Researchers Expanded the Popular MNIST Dataset With 50 000 New Images

Researchers from New York University and Facebook AI Research have restored and expanded the wide known MNIST dataset. Their idea was to recover the original MNIST (who is assumed to be forever lost) by reconstructing the missing part of the MNIST data.

MNIST is one of the most popular and most used datasets for building and testing image processing systems. A lot of research work in the past decades has developed methods using MNIST and the dataset itself has become a baseline for many image processing problems.

Arguing that the official MNIST dataset with only 10 000 images is too small to provide meaningful confidence intervals, they tried to recreate the MNIST preprocessing algorithms.

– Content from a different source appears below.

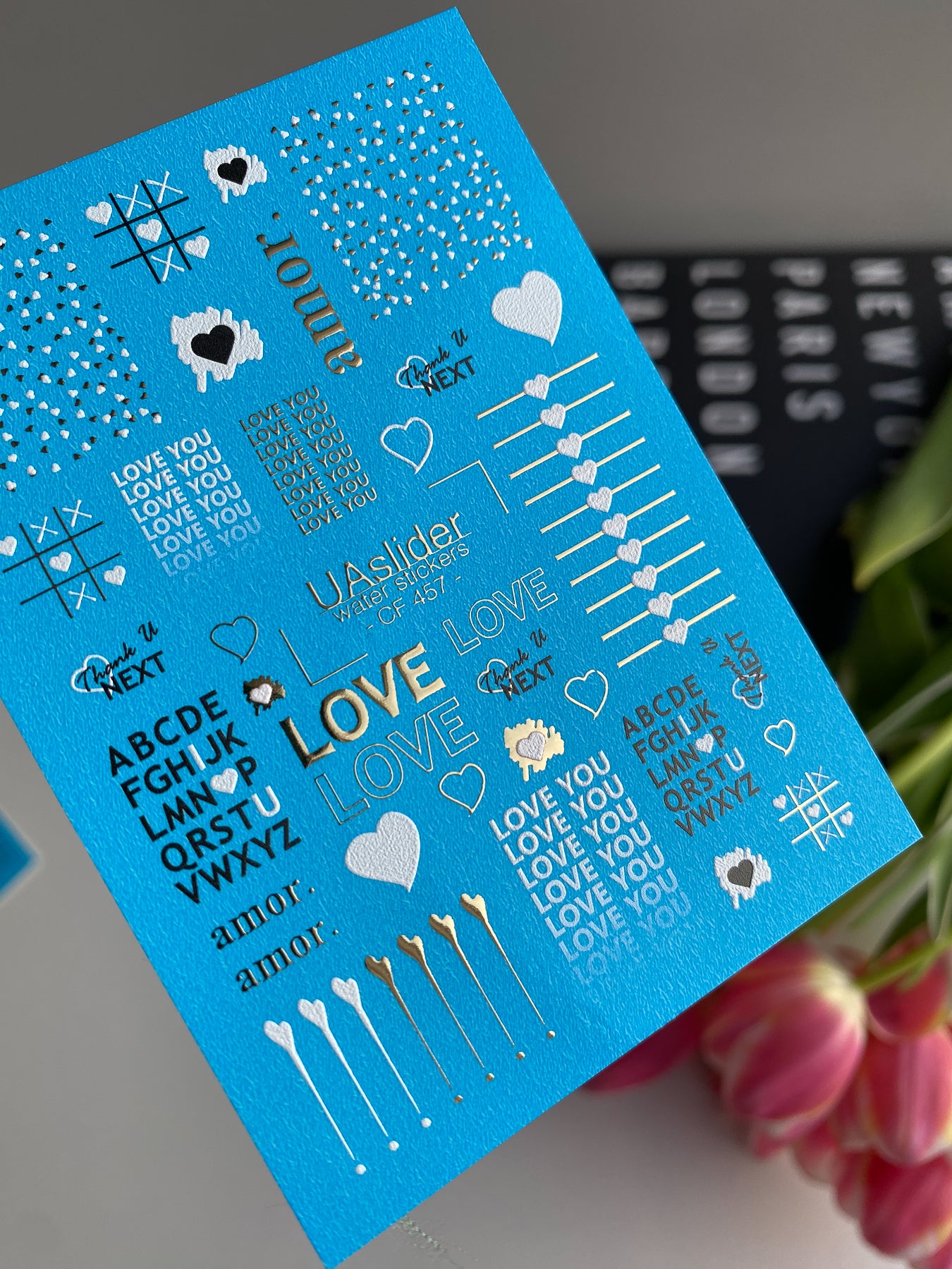 Nail Water Decal CF-457 | Love Water Slide Nail Decals | Hearts, Quotes & Alphabet in Gold & White
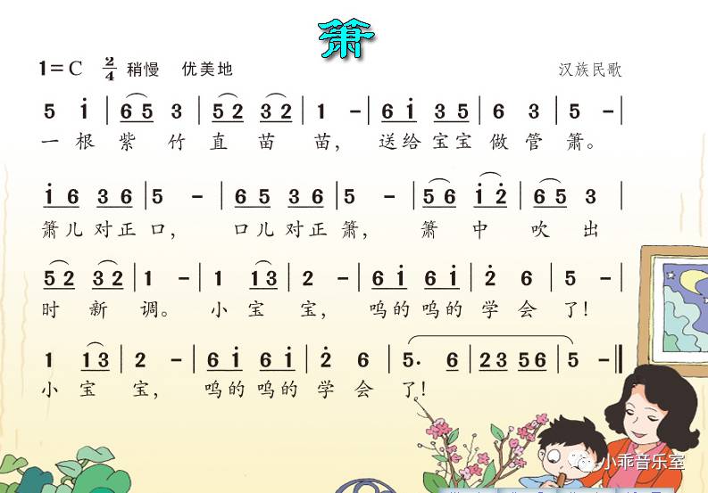 《萧》是一首流行于我国江南地区的民间小调,五声徵调式,旋律优美委婉,表现了母亲看着孩子吹箫时的柔情和爱意,让我们先来欣赏一下。

Through an iterative process, researchers tried to generate an additional 50 000 images of MNIST-like data. They started with a reconstruction process given in the paper introducing MNIST and used the Hungarian algorithm to find the best matches between the original MNIST samples and their reconstructed samples.

After many iterations of improvements in the reconstruction algorithm trying to extract the best matches between the generated and the original samples, researchers improved the samples and generated a dataset of an additional 50 000 digit images.

The new expanded MNIST dataset will allow examining the existing methods and investigating their generalization capabilities since many of them might have been overfitting on the small MNIST official testing set.

The dataset, as well as a detailed explanation of the reconstruction process,  can be found on Github. The pre-print paper is available on arxiv.